**Try it:** From the data that follows, set down exactly the lines from the one with "Hex #76fed0 Color" through the one with "ด้านหลังเหรียญ เป็นยันต์หนุมานเชิญธง ล้อมด้วยมหายันต์อันวิเศษ", counting both. Pictures stay out.

**Extracted data:**
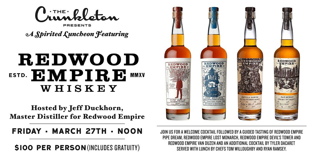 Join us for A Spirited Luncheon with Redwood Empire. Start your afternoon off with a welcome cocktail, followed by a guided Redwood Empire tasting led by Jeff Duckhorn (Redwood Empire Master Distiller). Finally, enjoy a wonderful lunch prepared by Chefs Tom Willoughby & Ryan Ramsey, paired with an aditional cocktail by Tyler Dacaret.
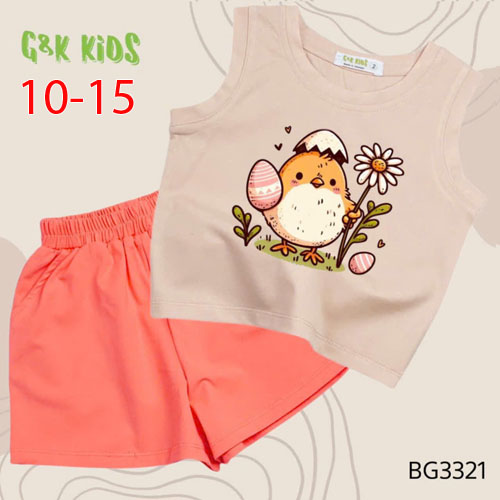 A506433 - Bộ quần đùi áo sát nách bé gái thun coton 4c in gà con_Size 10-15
==
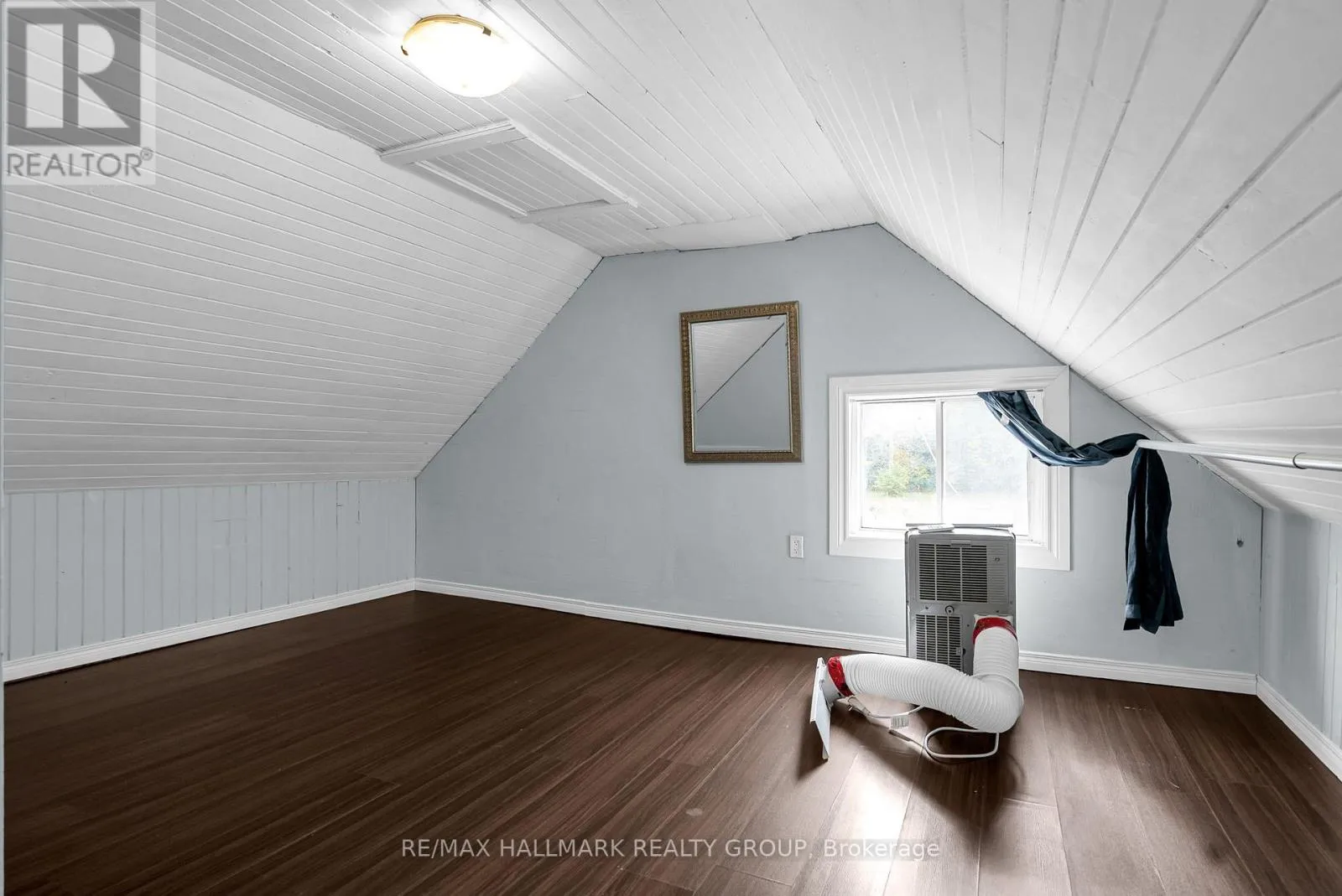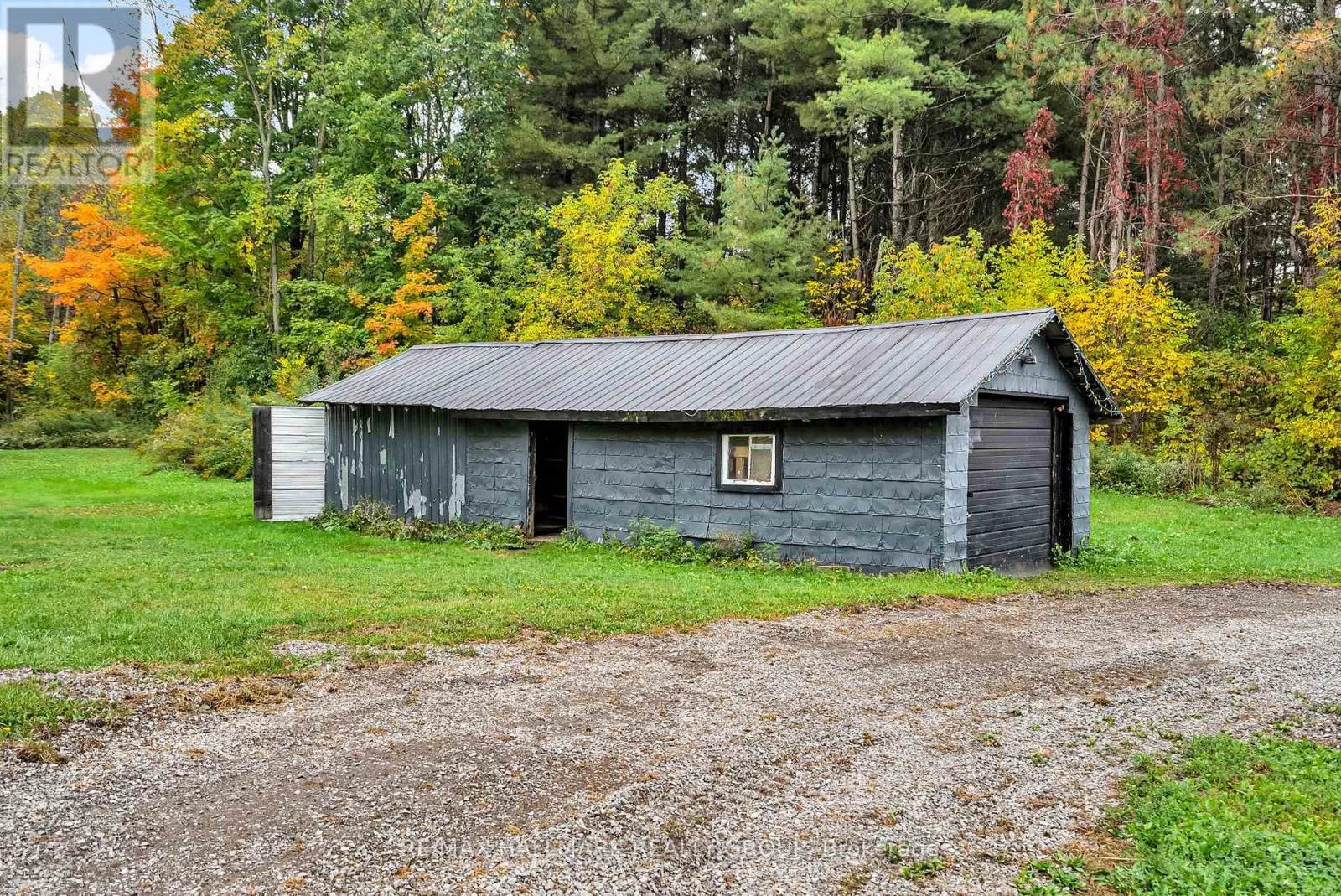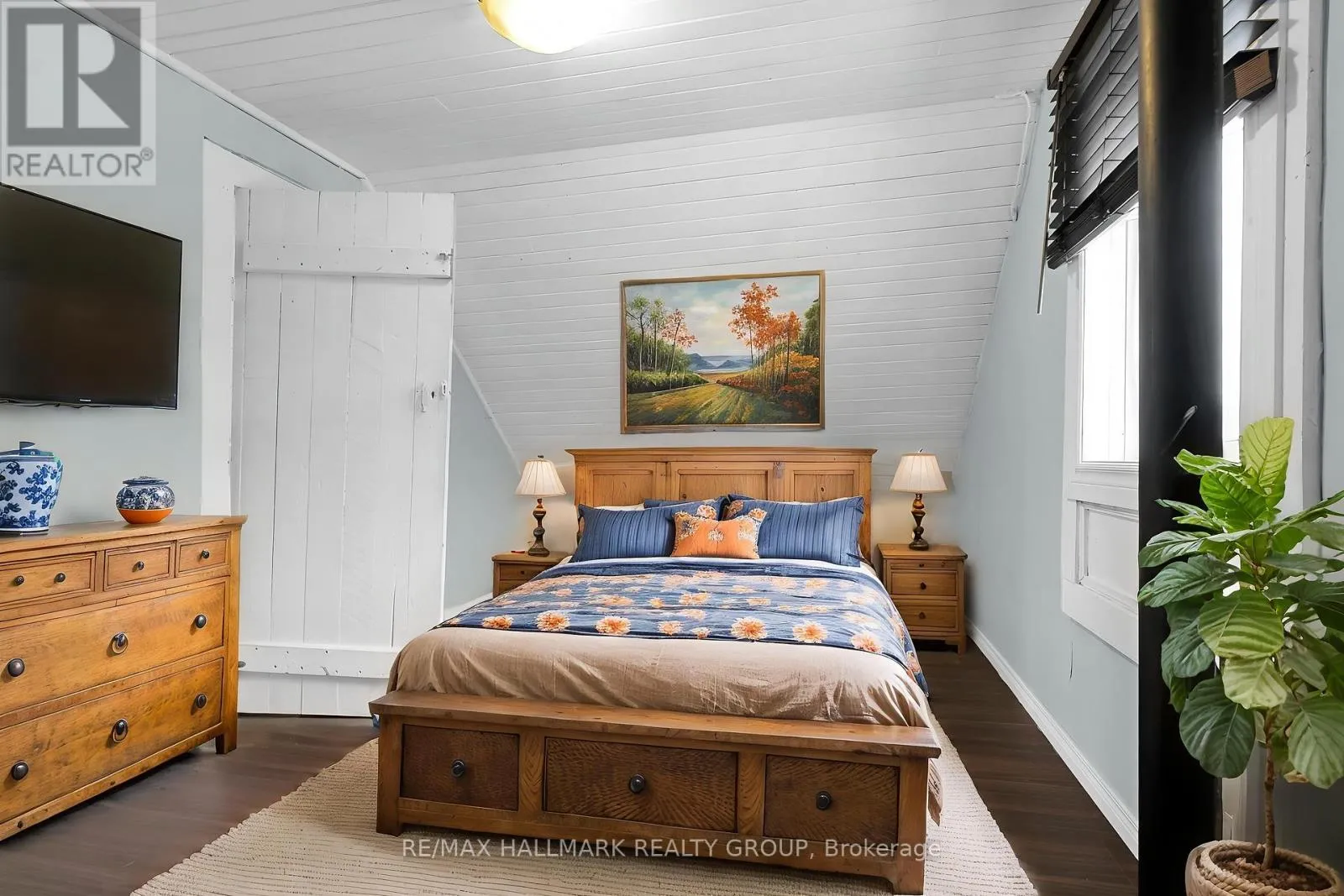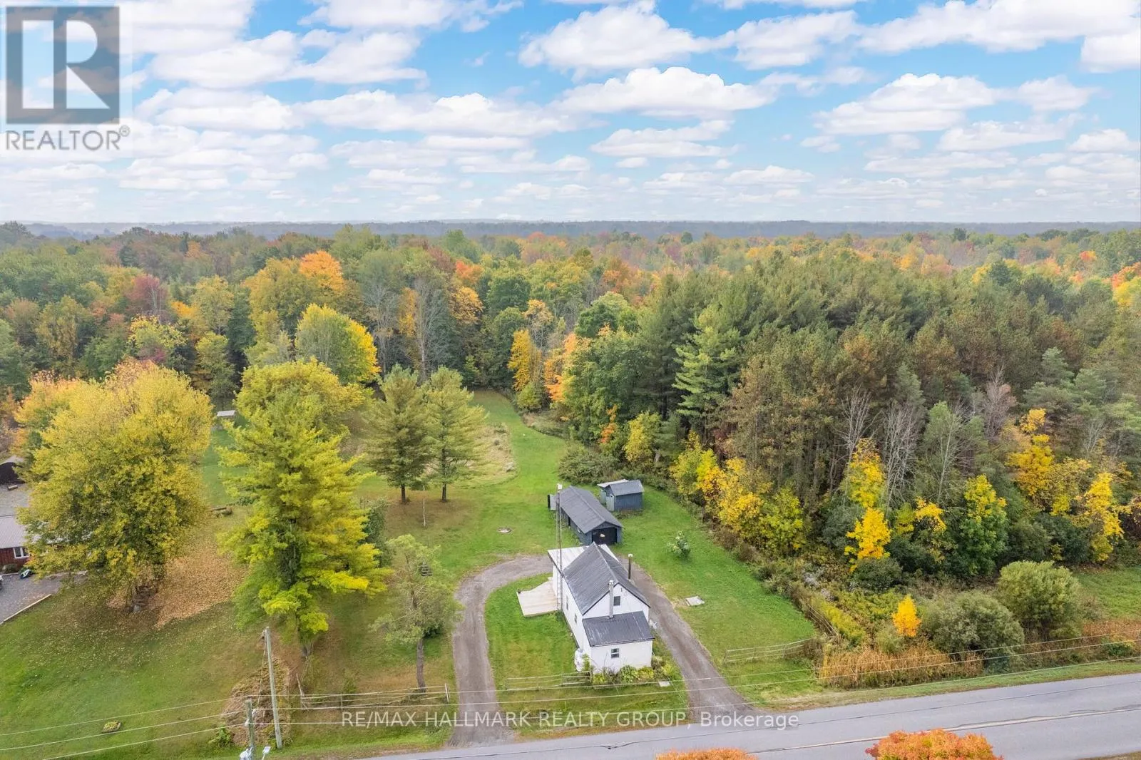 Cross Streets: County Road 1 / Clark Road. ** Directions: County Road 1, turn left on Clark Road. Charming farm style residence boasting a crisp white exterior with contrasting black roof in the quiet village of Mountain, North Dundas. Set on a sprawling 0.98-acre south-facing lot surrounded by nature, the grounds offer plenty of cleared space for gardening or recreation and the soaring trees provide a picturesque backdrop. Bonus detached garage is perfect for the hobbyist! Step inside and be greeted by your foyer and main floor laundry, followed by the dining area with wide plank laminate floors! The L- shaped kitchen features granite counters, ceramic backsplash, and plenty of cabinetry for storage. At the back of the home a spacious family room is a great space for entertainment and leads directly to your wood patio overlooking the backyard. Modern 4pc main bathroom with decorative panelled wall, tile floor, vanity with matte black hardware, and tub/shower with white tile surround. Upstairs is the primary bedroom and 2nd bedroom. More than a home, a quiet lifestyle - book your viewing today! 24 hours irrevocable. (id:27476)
* * *
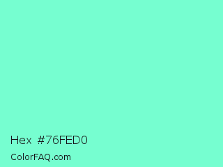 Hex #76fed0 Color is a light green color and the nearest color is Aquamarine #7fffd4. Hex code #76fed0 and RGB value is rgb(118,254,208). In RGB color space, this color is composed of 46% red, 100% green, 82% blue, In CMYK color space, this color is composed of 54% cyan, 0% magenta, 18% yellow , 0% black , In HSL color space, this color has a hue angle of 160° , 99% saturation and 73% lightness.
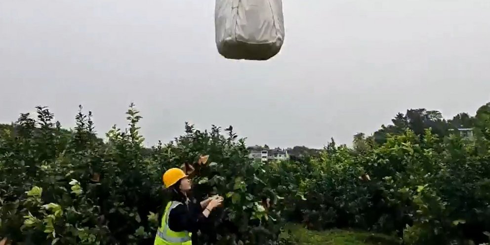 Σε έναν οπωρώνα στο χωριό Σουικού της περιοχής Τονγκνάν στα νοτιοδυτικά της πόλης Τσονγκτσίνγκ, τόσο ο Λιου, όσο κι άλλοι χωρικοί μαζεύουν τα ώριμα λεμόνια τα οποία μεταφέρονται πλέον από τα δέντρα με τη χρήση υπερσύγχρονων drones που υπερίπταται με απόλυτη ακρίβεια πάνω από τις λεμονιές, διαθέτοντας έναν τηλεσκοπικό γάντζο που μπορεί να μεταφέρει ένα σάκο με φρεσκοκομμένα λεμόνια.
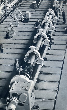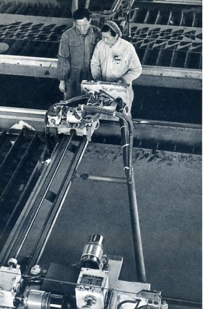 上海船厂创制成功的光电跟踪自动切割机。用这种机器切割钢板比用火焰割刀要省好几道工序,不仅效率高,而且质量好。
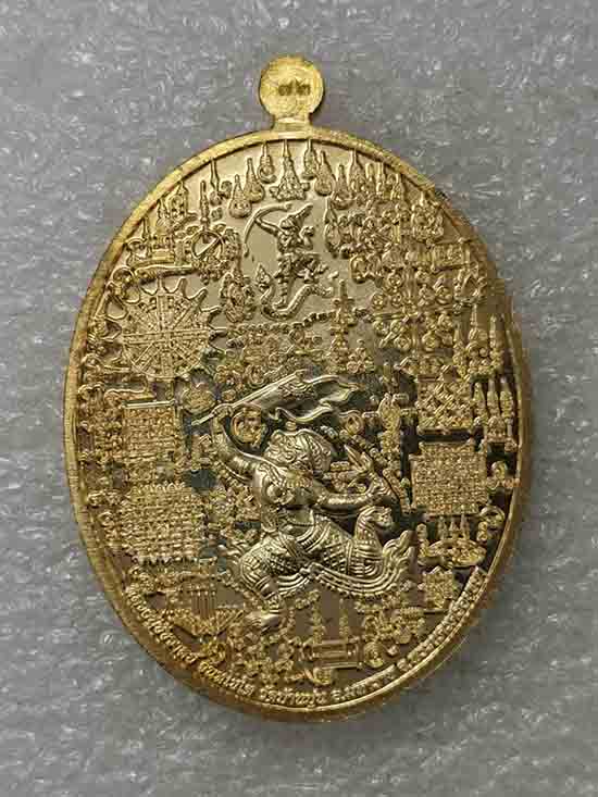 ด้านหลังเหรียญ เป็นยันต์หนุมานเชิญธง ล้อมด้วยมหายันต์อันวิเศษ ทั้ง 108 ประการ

**Reply:**
 Hex #76fed0 Color is a light green color and the nearest color is Aquamarine #7fffd4. Hex code #76fed0 and RGB value is rgb(118,254,208). In RGB color space, this color is composed of 46% red, 100% green, 82% blue, In CMYK color space, this color is composed of 54% cyan, 0% magenta, 18% yellow , 0% black , In HSL color space, this color has a hue angle of 160° , 99% saturation and 73% lightness.
 Σε έναν οπωρώνα στο χωριό Σουικού της περιοχής Τονγκνάν στα νοτιοδυτικά της πόλης Τσονγκτσίνγκ, τόσο ο Λιου, όσο κι άλλοι χωρικοί μαζεύουν τα ώριμα λεμόνια τα οποία μεταφέρονται πλέον από τα δέντρα με τη χρήση υπερσύγχρονων drones που υπερίπταται με απόλυτη ακρίβεια πάνω από τις λεμονιές, διαθέτοντας έναν τηλεσκοπικό γάντζο που μπορεί να μεταφέρει ένα σάκο με φρεσκοκομμένα λεμόνια.
 上海船厂创制成功的光电跟踪自动切割机。用这种机器切割钢板比用火焰割刀要省好几道工序,不仅效率高,而且质量好。
 ด้านหลังเหรียญ เป็นยันต์หนุมานเชิญธง ล้อมด้วยมหายันต์อันวิเศษ ทั้ง 108 ประการ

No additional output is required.